Oggi 23 giugno è la giornata mondiale dei servizi pubblici sancita dall’ONU nel 2002 per celebrare il loro fondamentale ruolo per i diritti e la coesione sociale.
Ma le politiche neoliberiste degli ultimi 20 anni non solo non ne hanno sostenuto l’estensione, ma li hanno colpiti con tagli alle strutture e al personale che li hanno gravemente impoveriti e reso difficile il loro funzionamento indispensabile per la salute e la vita delle persone.
Le conseguenze si sono viste nell’incapacità delle economie più potenti del mondo di far fronte alla tragedia del covid con le note drammatiche conseguenze in termini di sofferenze e vite perdute.
Nonostante questo è solo grazie a ciò che di pubblico è rimasto e al profondo senso dell’etica pubblica dei lavoratori e lavoratrici della sanità, della scuola, dei servizi che si sono evitate conseguenze più gravi.
È risultata evidente a tutte e tutti la necessità di un rafforzamento del pubblico, specie in Italia dove le politiche di austerità e le privatizzazioni hanno colpito più duramente strutture e organici sottodimensionati al punto che servono 1 milione di dipendenti per stare almeno nella media europea.
Ora bisogna evitare il rischio, trascorsa la retorica degli “eroi” che prevalgano di nuovo gli interessi, le logiche e i vincoli che negli ultimi vent’anni hanno impoverito il pubblico e l’economia italiana.
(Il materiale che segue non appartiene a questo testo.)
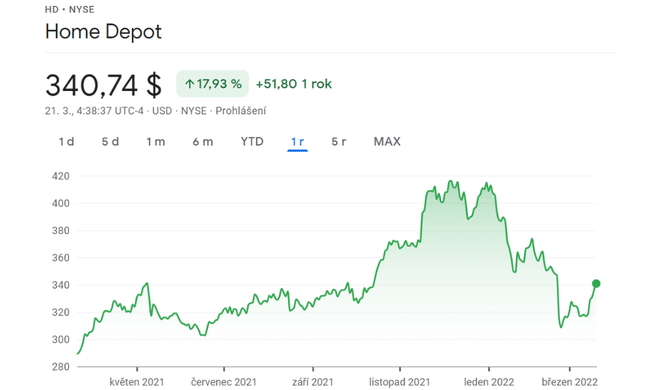 L'action Home Depot $HD a surperformé l'indiceS&P 500 $^GSPC au cours des cinq dernières années , gagnant 121% contre 84% pour le S&P500. Il s'agit d'une valeur sûre qui apporte sécurité et revenu à tout portefeuille, et vous pouvez considérer toute baisse de prix comme une opportunité d'achat.

Quelli nei quali l’obiettivo di spostare la ricchezza verso i profitti e le rendite tagliando la spesa pubblica, i salari e le pensioni veniva mascherato con la bugia della scarsità propagandata a reti unificata col mantra “i soldi non ci sono”
Oggi i fondi europei mostrano la falsità di quella solfa, da noi sempre denunciata. I soldi ci sono e altri se ne potrebbero ricavare da un fisco più giusto, ma, come dimostra il recovery plan non vengono utilizzati per un potenziamento strutturale del pubblico per il quale sarebbe indispensabile un grande piano di assunzioni, di riqualificazione e valorizzazione del personale. Non solo non si vuole assumere il personale necessario, ma anche sul fronte dei salari, tra i più bassi d’Europa, l’atteggiamento del governo è di chiusura rispetto alle legittime richieste.
Occorre una grande ripresa delle lotte per il rilancio del pubblico dentro un nuovo modello economico e sociale che metta al primo posto i diritti universali, la cura delle persone e dell’ambiente. Per questo da tempo proponiamo:
Assunzione di 500 mila lavoratrici e lavoratori stabili e consistenti aumenti salariali in tutti i settori della pubblica amministrazione per avvicinare l’Italia agli standard europei
Ripubblicizzazione dei servizi esternalizzati e ritorno alla gestione pubblica dei servizi dati in appalto con riassorbimento del Personale coinvolto
Cancellazione di tutte le forme di precarietà e ripristino del contratto a tempo pieno e indeterminato come norma in tutti i comparti della P.A
Eliminazione nella P. A. di tutti gli ostacoli occupazionali, professionali e salariali alla piena parità di genere
Partecipazione dei lavoratori e delle lavoratrici all’organizzazione di uffici e servizi, prevedendo forme certe di partecipazione degli utenti.